PROBLEM DESCRIPTION: Leave the pictures out. Retype exactly the lines below from the one containing "A 654-2.124 méter" through the one containing "Turquoise Pink Oyster", and no others.

SUPPLIED ENTRIES:
▬▬▬▬▬▬

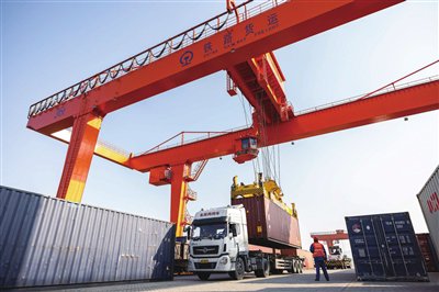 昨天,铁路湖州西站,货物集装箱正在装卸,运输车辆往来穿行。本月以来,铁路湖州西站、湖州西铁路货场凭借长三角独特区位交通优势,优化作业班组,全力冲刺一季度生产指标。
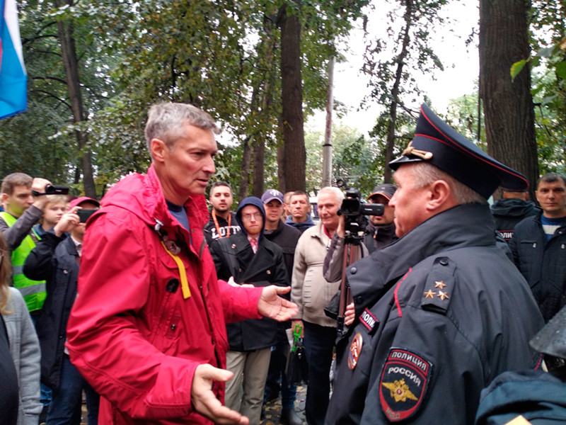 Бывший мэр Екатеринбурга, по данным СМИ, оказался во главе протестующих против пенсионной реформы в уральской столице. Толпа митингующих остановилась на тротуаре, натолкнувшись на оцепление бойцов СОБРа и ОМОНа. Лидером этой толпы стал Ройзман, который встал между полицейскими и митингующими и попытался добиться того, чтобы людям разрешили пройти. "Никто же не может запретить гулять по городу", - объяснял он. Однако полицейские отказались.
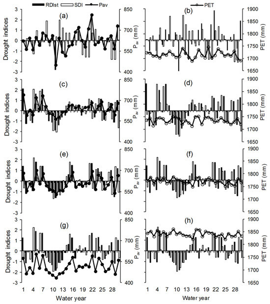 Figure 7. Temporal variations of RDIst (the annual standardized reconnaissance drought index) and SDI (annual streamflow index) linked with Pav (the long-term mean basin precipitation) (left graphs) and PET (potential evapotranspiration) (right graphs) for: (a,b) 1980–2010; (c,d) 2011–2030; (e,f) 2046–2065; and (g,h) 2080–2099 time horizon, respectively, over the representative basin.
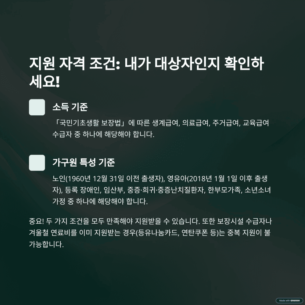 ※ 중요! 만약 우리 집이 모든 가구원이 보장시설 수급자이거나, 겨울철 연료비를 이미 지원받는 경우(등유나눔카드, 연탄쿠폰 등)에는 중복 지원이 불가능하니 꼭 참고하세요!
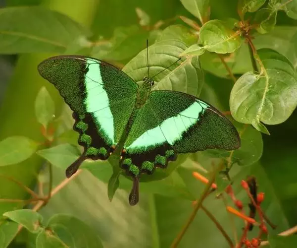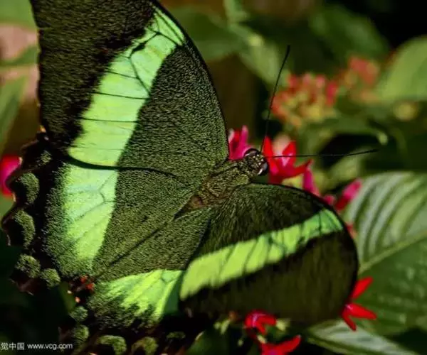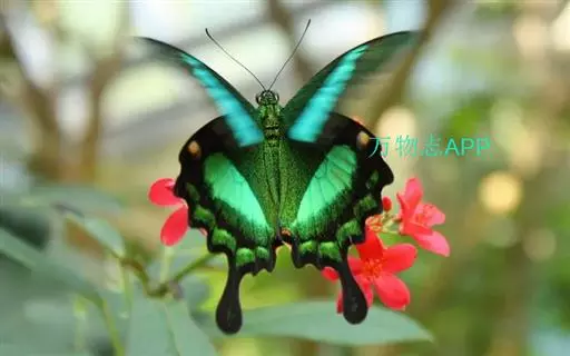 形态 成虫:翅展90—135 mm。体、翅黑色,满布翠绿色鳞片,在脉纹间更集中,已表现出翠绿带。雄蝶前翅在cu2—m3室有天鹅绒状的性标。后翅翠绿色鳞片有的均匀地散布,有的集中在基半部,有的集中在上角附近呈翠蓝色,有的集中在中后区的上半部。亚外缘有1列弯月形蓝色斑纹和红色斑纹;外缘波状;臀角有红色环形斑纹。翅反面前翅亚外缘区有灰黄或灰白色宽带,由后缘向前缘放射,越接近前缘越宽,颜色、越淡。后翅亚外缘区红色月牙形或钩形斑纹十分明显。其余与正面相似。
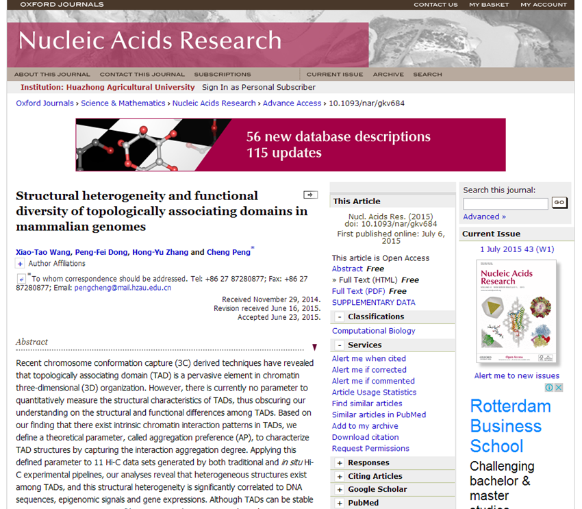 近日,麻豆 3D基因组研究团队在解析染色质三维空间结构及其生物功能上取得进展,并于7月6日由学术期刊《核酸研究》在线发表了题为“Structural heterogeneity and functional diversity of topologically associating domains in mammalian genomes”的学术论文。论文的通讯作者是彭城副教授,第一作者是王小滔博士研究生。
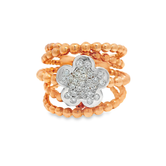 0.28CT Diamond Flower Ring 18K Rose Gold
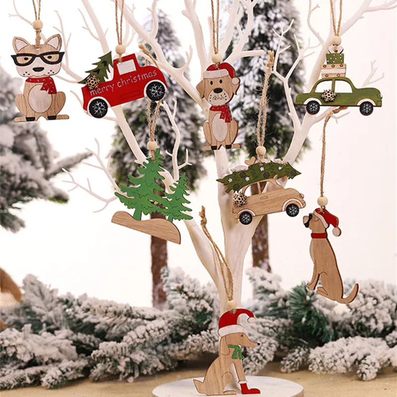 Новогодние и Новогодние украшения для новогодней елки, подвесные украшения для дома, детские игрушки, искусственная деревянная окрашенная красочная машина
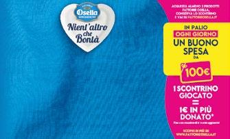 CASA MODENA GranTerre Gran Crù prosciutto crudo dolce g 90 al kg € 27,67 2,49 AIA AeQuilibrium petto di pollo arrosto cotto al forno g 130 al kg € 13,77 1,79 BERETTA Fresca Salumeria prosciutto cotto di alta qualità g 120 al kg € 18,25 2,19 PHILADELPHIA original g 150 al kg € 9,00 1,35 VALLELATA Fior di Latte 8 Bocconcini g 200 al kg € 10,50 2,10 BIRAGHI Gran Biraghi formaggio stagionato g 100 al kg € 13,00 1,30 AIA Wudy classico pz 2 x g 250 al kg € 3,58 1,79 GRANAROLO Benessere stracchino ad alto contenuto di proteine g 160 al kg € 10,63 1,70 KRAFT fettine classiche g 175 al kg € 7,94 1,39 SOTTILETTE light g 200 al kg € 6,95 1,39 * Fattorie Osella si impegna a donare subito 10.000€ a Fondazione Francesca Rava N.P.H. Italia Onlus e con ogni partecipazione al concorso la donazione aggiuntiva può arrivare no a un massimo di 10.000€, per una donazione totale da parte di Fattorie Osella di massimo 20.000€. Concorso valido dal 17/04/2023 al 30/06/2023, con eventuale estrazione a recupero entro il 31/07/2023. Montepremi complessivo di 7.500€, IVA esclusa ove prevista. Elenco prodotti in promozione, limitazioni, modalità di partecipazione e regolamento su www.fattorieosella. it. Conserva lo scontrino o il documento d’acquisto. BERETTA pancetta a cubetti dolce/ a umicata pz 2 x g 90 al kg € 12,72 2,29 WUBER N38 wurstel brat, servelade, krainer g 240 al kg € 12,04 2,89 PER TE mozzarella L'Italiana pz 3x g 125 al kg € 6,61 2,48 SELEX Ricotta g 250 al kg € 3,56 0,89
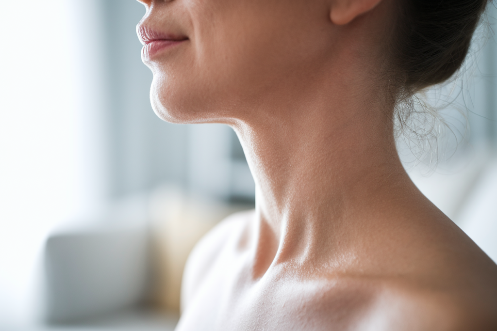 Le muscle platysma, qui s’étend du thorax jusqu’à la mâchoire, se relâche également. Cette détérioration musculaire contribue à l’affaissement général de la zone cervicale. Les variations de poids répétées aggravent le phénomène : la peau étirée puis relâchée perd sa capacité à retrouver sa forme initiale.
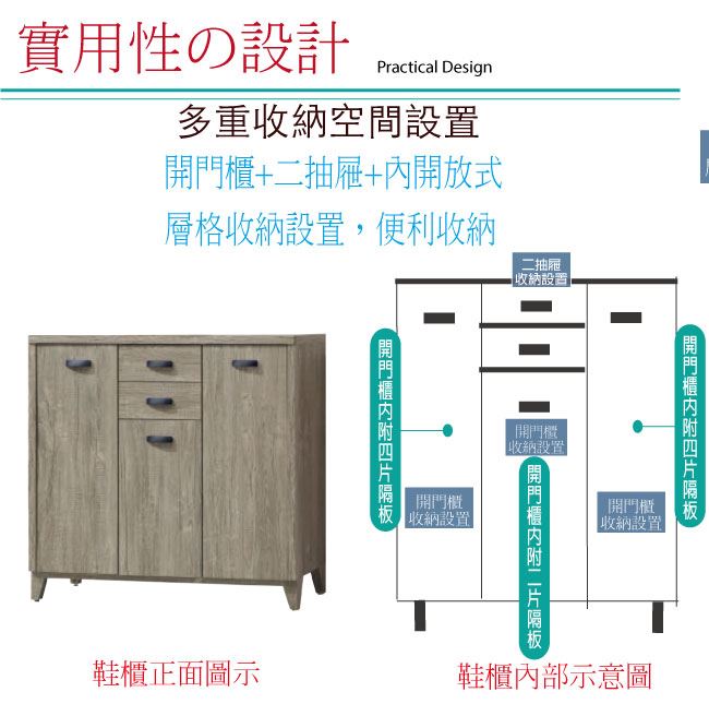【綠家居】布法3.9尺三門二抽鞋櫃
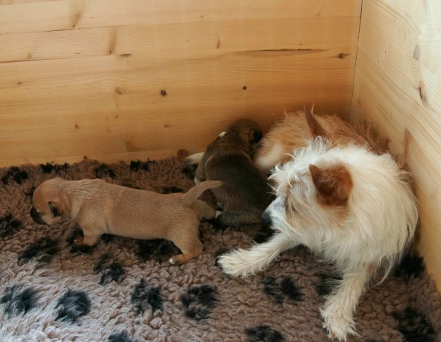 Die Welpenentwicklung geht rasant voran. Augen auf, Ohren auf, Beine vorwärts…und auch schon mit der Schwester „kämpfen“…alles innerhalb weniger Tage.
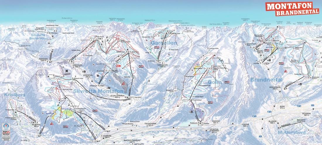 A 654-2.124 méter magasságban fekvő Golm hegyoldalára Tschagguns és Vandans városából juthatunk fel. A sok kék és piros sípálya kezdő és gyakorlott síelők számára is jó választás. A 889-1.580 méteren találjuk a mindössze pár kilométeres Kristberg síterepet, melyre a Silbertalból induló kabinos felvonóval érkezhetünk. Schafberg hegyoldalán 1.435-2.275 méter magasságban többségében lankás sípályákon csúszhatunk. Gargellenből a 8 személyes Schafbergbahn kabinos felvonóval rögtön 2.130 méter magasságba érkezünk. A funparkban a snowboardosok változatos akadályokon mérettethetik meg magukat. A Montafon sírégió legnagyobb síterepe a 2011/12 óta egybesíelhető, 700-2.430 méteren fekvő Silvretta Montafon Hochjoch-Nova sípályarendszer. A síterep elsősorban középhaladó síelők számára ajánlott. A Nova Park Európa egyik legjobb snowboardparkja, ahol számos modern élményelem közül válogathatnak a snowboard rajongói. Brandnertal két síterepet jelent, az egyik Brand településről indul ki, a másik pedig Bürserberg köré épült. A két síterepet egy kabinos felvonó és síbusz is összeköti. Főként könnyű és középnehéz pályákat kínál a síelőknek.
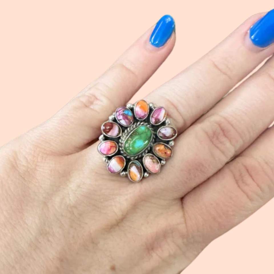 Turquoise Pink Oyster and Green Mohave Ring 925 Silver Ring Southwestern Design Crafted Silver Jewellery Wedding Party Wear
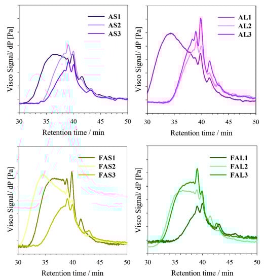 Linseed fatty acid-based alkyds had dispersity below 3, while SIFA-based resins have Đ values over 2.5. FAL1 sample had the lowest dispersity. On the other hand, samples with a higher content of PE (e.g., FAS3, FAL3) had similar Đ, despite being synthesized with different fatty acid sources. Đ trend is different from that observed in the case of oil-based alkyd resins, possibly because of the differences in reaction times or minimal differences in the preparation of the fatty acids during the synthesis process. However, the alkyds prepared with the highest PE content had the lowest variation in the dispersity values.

▬▬▬▬▬▬

REPLY:
 A 654-2.124 méter magasságban fekvő Golm hegyoldalára Tschagguns és Vandans városából juthatunk fel. A sok kék és piros sípálya kezdő és gyakorlott síelők számára is jó választás. A 889-1.580 méteren találjuk a mindössze pár kilométeres Kristberg síterepet, melyre a Silbertalból induló kabinos felvonóval érkezhetünk. Schafberg hegyoldalán 1.435-2.275 méter magasságban többségében lankás sípályákon csúszhatunk. Gargellenből a 8 személyes Schafbergbahn kabinos felvonóval rögtön 2.130 méter magasságba érkezünk. A funparkban a snowboardosok változatos akadályokon mérettethetik meg magukat. A Montafon sírégió legnagyobb síterepe a 2011/12 óta egybesíelhető, 700-2.430 méteren fekvő Silvretta Montafon Hochjoch-Nova sípályarendszer. A síterep elsősorban középhaladó síelők számára ajánlott. A Nova Park Európa egyik legjobb snowboardparkja, ahol számos modern élményelem közül válogathatnak a snowboard rajongói. Brandnertal két síterepet jelent, az egyik Brand településről indul ki, a másik pedig Bürserberg köré épült. A két síterepet egy kabinos felvonó és síbusz is összeköti. Főként könnyű és középnehéz pályákat kínál a síelőknek.
 Turquoise Pink Oyster and Green Mohave Ring 925 Silver Ring Southwestern Design Crafted Silver Jewellery Wedding Party Wear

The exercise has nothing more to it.